Todos la miraron y ella se ruborizó.

—Te dije que no hicieras eso —dijo su padre—. No lo hagas más, ¿entendido?

—Deja a la niña —terció la madre—. Tendrá que hacer lo que los demás. ¿Quieres que la señalen?

—Yo no les besé a ninguno —dijo Juan—. Además, don Antonio iba con la prisa de siempre y estas tontas tuvieron que ir corriendo detrás mientras él no paraba de andar.

—Iría a pedir dinero a alguien —dijo la madre—. Está obsesionado con lo de levantar una iglesia en Guillermo de Osma para salir de las catacumbas de esa parroquia de ahora.

El abuelo la miró. Tenía sesenta y cuatro años y un brazo más corto que otro, lo que no le había impedido trabajar duro en la carbonería del barrio. Se había jubilado por causa de los dañados lumbares y no había podido eliminar el carbón acumulado en los poros durante décadas, por lo que ofrecía un aspecto negruzco y sucio, no acorde con la realidad. Terminó su vaso de vino peleón y dijo:

—Más valía que todo lo que ese cabrón recoge lo dedicara a dar de comer a los montones de niños famélicos del barrio y no a buscarse un sitio en la posteridad como impulsor de ese templo. Lo primero es atender el hambre de tantos desfavorecidos y no hacerle la pelota al Cielo.

—Hemos de vivir con lo que hay, padre. Las cosas son como son.

—Ya sé cómo son —masculló él, levantándose y yendo a su silla de lectura para atrincherarse tras una novela de Zane Grey.
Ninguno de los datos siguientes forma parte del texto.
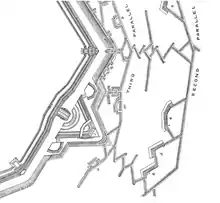Marc René, marquis de Montalembert (1714–1800) envisaged a system to prevent an opponent from establishing their parallel entrenchments by an overwhelming artillery barrage from a large number of guns, which were to be protected from return fire. The elements of his system were the replacement of bastions with tenailles, resulting in a defensive line with a zigzag plan, allowing for the maximum number of guns to be brought to bear and the provision of gun towers or redoubts (small forts), forward of the main line, each mounting a powerful artillery battery. All the guns were to be mounted in multi-storey masonry casemates, vaulted chambers built into the ramparts of the forts. Defence of the ditches was to be by caponiers, covered galleries projecting into the ditch with numerous loopholes for small arms, compensating for the loss of the bastions with their flanking fire.[6] Montalembert argued that the three elements, would provide long-range offensive fire from the casemated main curtain, defence in depth from the detached forts or towers and close-in defence from the caponiers.[7] Montalembert described his theories in an eleven-volume work called La Fortification Perpendiculaire, which was published in Paris between 1776 and 1778.[6] He summarised the benefits of his system thus; "...all is exposed to the fire of the besieged, which is everywhere superior to that of the besieger, and the latter cannot advance a step without being hit from all sides".[8]
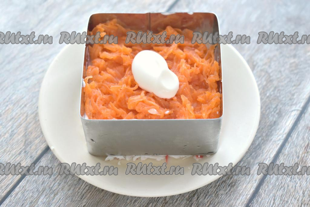Третьим слоем салата равномерно раскладываем по формам морковку, натёртую на крупной тёрке, смазываем этот слой майонезом.
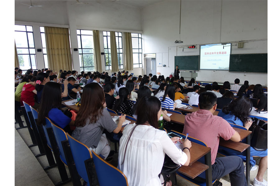 邝艳湘老师从历史的挑战、西方国际关系理论的挑战、国际政治现实的挑战和和平发展道路自身的模糊性等四个方面出发,详细地说明了和平发展道路面临的挑战。一句“中国走和平发展道路,不是权宜之计,更不是外交辞令。”让大家称赞不已。“和”植根于中华民族的性格之中,是中国人的文明基因;和平发展是中国基本国情的要求、是顺应世界潮流的选择;和平发展与我们息息相关,邝老师通过阐述这几个观点来加深在座老师同学对和平发展道路的理解。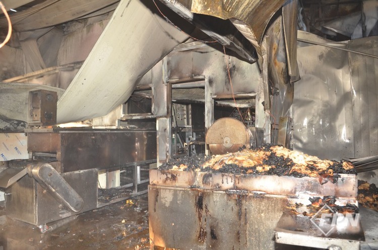공장 입구는 화염의 전파나 그을린 형태가 없었고 완제품을 포장한 제과 상자가 쌓여 있었다. 천막조 끝 지점 샌드위치 패널 건물에서 일부 탄화흔적이 관찰됐다.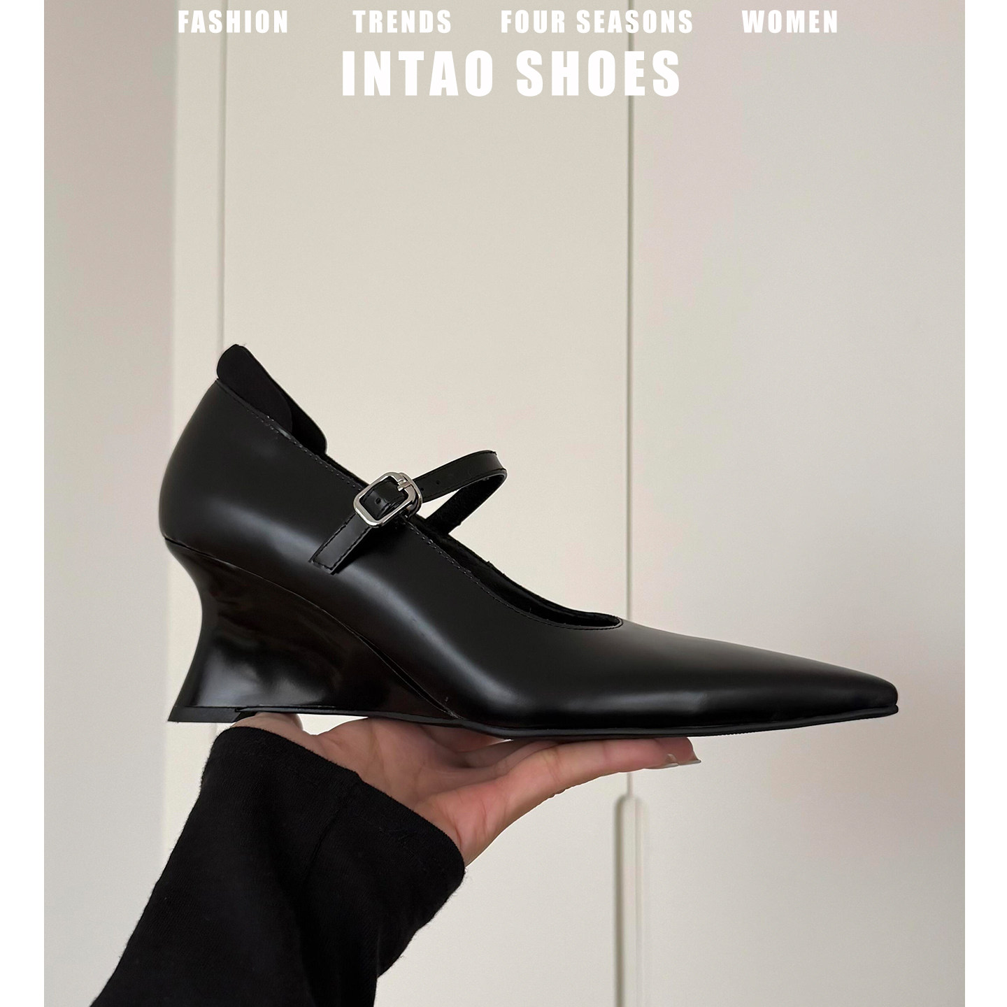 Colorful Bridge丨Crucifix十字架系列 黑色坡跟高跟鞋女士单鞋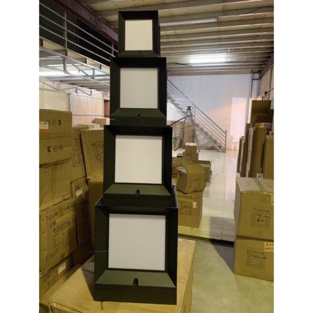 Chất liệu: khung là nhôm đúc,chao là nhựa chống nước Mầu sắc:khung sơn đen Số lượng :01c Nguồn điện: 220v Kích thước: sz s 15 x 15cm sz m 21 x 21cm sz L 26 x 26cm Phong cách: châu âu Nguồn sáng: cho dù là bóng Bảo hành :24 tháng
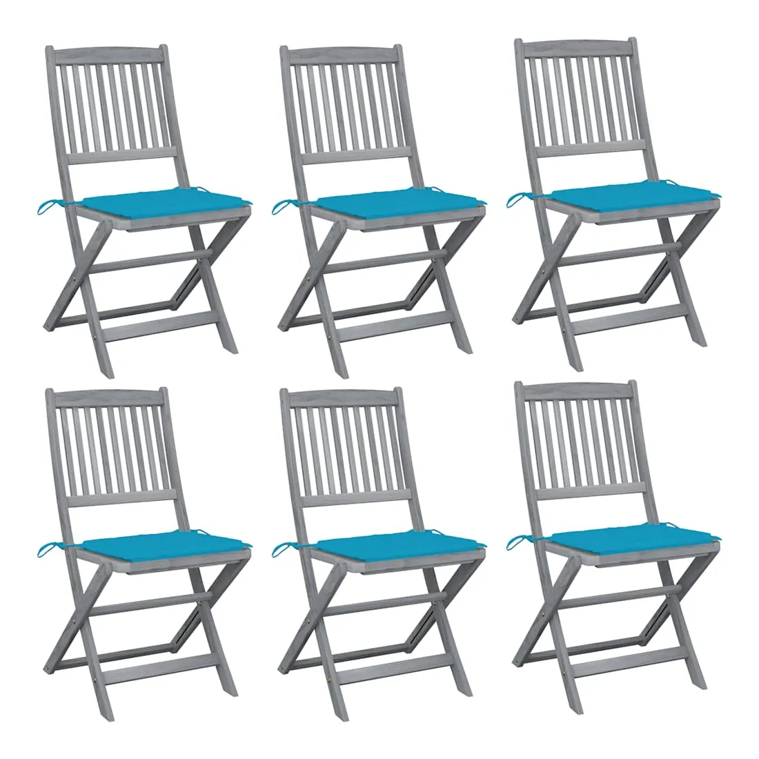 Chaises pliables d'extérieur lot de 6 et coussins Bois d'acacia

Por la tarde Pili fue con sus amigas, su madre y la de Conchita al cine Montecarlo para ver el programa doble y el Nodo. Ponían El Capitán Maravillas, interpretado por el atlético Tom Tyler, y El peñón de las ánimas, en sesión continua. Compraron pipas y esperaron en la vociferante cola a que fueran saliendo espectadores. Tardaron en entrar al abarrotado local, tumultuoso de conversaciones, risas, toses y silbidos. La primera película era por episodios. El que más le gustó de los cuatro fue el último. Al chico Billy los malos lo maniatan y amordazan. El piloto de la avioneta donde viaja secuestrado pierde el conocimiento y el aparato se precipita a tierra. Billy consigue quitarse la mordaza y lanzar el grito salvador: «¡Shazam!». El rayo instantáneo lo convierte en el indestructible Capitán Maravillas, que vuela hasta tierra, salvando también al piloto, entre el entusiasmo y los aplausos de la chiquillería. Y en la otra película su emoción se desbordó cuando la chica se lanza al vacío al ver muerto a su novio prohibido. ¿Dónde estás, Luis? ¿Por qué no vienes? Cuando salieron, la madre de Conchita dijo:

—¡Qué amor tan grande entre la María Félix y el Jorge Negrete! ¿Por qué la familia de ella desprecia al muchacho?

—Atavismos, que han vuelto aquí —respondió su madre—. Luchamos para acabar con eso y conseguimos liberar el amor, lo que se recibió con alborozo. Perdimos y eso acabó. Pero en un futuro, que quizá vean nuestros hijos, las parejas tendrán libertad de elección y de unión. Será así porque es ley de la naturaleza.

—De todas formas, es una tontería que los protagonistas acaben así. El amor es vida, no muerte.

—Sí; el amor es vida… y esperanza —dijo su madre, bajando su mirada hacia ella. La madre de su amiga captó el gesto.

—¿No tienes noticias del Luis y del Julián?

—No. El policía que protege al Juanito no sabe nada. Hace un mes que desaparecieron. Nadie sabe dónde están.

—Ni si viven aún, como el Gerardo y el Elíseo. Pobrecillos.

Ella hubiera querido ser como el hombre de acero volador para, con su mirada de rayos X y su fuerza, encontrar al Luis y salvarle de lo que le amenazaba. Porque su amor nunca se extinguiría. Y si le faltara, no le importaría hacer lo que la mujer de la película porque, como ella, también había hecho un juramento. Notó la mano de su madre apretar la suya mientras el grupo caminaba en silencio por las anchas aceras de tierra hacia sus casas.